Hallado un nuevo tesoro de Némirovsky
Cada país explica su pasado en función de lo que hoy pretende ser. Hay países que se manejan bien con su pasado, otros que lo dan por cerrado e inmodificable. El peso del pasado no es el mismo para todos ni en todas las épocas. La Francia actual arrastra su pasado como un grillete. O mejor, es un minúsculo atlante a punto de sucumbir bajo el peso glorioso de su historia.
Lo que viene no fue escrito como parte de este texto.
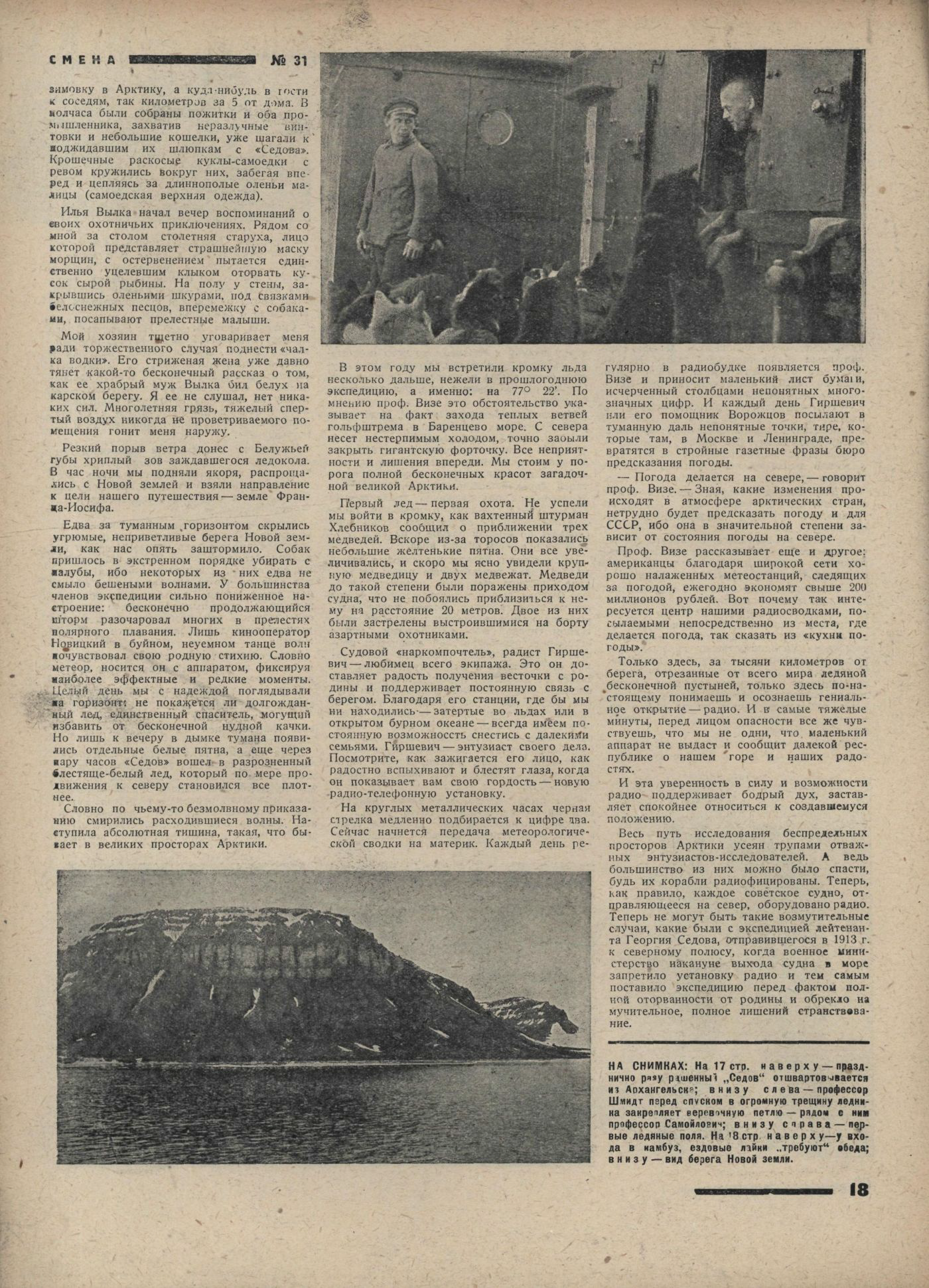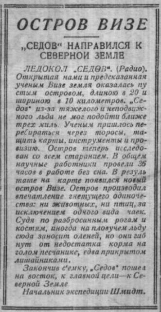 ЛЕДОКОЛ "СЕДОВ". (Радио). Открытая нами и предсказанная ученым Визе земля оказалась пустым островом, длиною в 20 и шириною в 10 километров. "Седов" из-за тяжелого и неподвижного льда не мог подойти ближе трех миль. Ученым пришлось перебираться через торосы, тащить нарты, инструменты и провизию. Остров теперь исследован со всем старанием. В общем научные работники провели 36 часов в работе без сна. В результате на карте появился новый остров Визе. Остров производил впечатление гнетущего одиночества: ни животных, ни птиц, за исключением одного вида чаек. Судя по разбросанным рогам и костям, иногда на пловучем льду сюда заносит оленей, но они гибнут от недостатка корма на голом песчанике, едва прикрытом лишайниками.

El maravilloso, dramático y azaroso rescate de obras de Irène Némirovsky o el Goncourt 2006 para Jonathan Littell tienen que ver con ese país que no logra proyectarse en el futuro. El éxito de Les bienveillantes, la novela de Littell, un autor debutante, es significativo. Los franceses se interesaron primero por su actuación durante la II Guerra Mundial viéndose como resistentes: es el período De Gaulle; luego se aceptaron como meros espectadores de un combate en el que les representaban unos escasos héroes o unos también escasos traidores colaboracionistas: son los años que van de Pompidou a Mitterrand. Por fin leen la catástrofe bélica desde la fascinación por el mal: el héroe de Littell es un SS franco-alemán, un asesino que, en cada página, interroga al lector sobre cómo es posible tanta crueldad, estupidez y horror entre gente inteligente y culta.
Con Némirovsky, los franceses quedan invitados a seguir intentando reconocerse en los añicos del espejo
Pero una lectura del pasado puede coexistir con otra. Irène Némirovsky, con su estupenda Suite française, escribió un mosaico completo de los primeros momentos de la ocupación alemana. Asesinada la autora en Auschwitz en 1942, la novela de Némirovsky permaneció olvidada en una maleta hasta el año 2004, cuando se convirtió en un gran éxito de ventas y fue premiada. En su texto están todas las facetas del país. Ahora parece que los biógrafos de la escritora, Patrick Lienhardt y Olivier Philipponat, han encontrado otra novela perdida, Chaleur du sang (Calor de sangre), de la que Dénise Némirovsky, la hija, sólo conservaba los primeros capítulos. El resto ha sido localizado en casa de un particular. El libro narra la historia de un secreto, de un hombre que oculta precisamente parte de su pasado y la acción transcurre en el pueblo real en el que se refugió la narradora antes de ser capturada por los nazis. Los franceses quedan invitados a seguir intentando reconocerse en los añicos del espejo.
Pascal Bruckner lleva tiempo interrogándose sobre la peculiar relación francesa -y occidental- respecto al pasado. Si en La tentation de l'innocence hablaba del infantilismo y el victimismo como enfermedades del hombre moderno, en su texto más reciente -La tyrannie de la pénitence: essai sur le masochisme en Occident- se extiende sobre esa oleada de culpabilización que recorre nuestro mundo y que nos hace responsables, décadas después, de desastres en los que no hemos intervenido, ya sea el pillaje esclavista de África, el genocidio judío o la tortura en Argelia. Como sucede a menudo, se pide perdón y se llora por crímenes de los que somos inocentes pero se cierran los ojos ante lo que sí reclamaría nuestra atención. El Parlamento francés, que ha convertido en delito negar la existencia de la shoah o defender el racismo, legisla sobre opiniones porque no logra cambiar la realidad de los hechos. La República francesa defiende valores universales pero, en la práctica, no ha logrado exportarlos, como no sea en forma de guillotina en la proa de un barco, como en El siglo de las luces, la novela de Carpentier.
El modelo francés de sociedad, de ciudadanos iguales sin tomar en consideración religión, color de piel u origen geográfico y social, quizás ha retrasado la creación de guetos o de tensiones comunitarias pero no ha logrado evitarlas. Sarkozy se dispone a institucionalizar el fracaso que Chirac niega y Ségolène Royal aún cree poder remediar. Y por eso todos los franceses añoran los buenos viejos tiempos, cuando entre la escuela, el ejército y los sindicatos el país integraba a todos y fabricaba franceses sin demasiados chirridos. Es la época de Proust, Gide, Valèry, los Curie, Camus, Monod, Claude Bernard, Ravel o Poincaré, la de un país que miraba hacia delante y cuyos mejores autores no tenían, como Littell y Némirovsky y por razones totalmente distintas, la obsesión por un pasado que no acaba de pasar.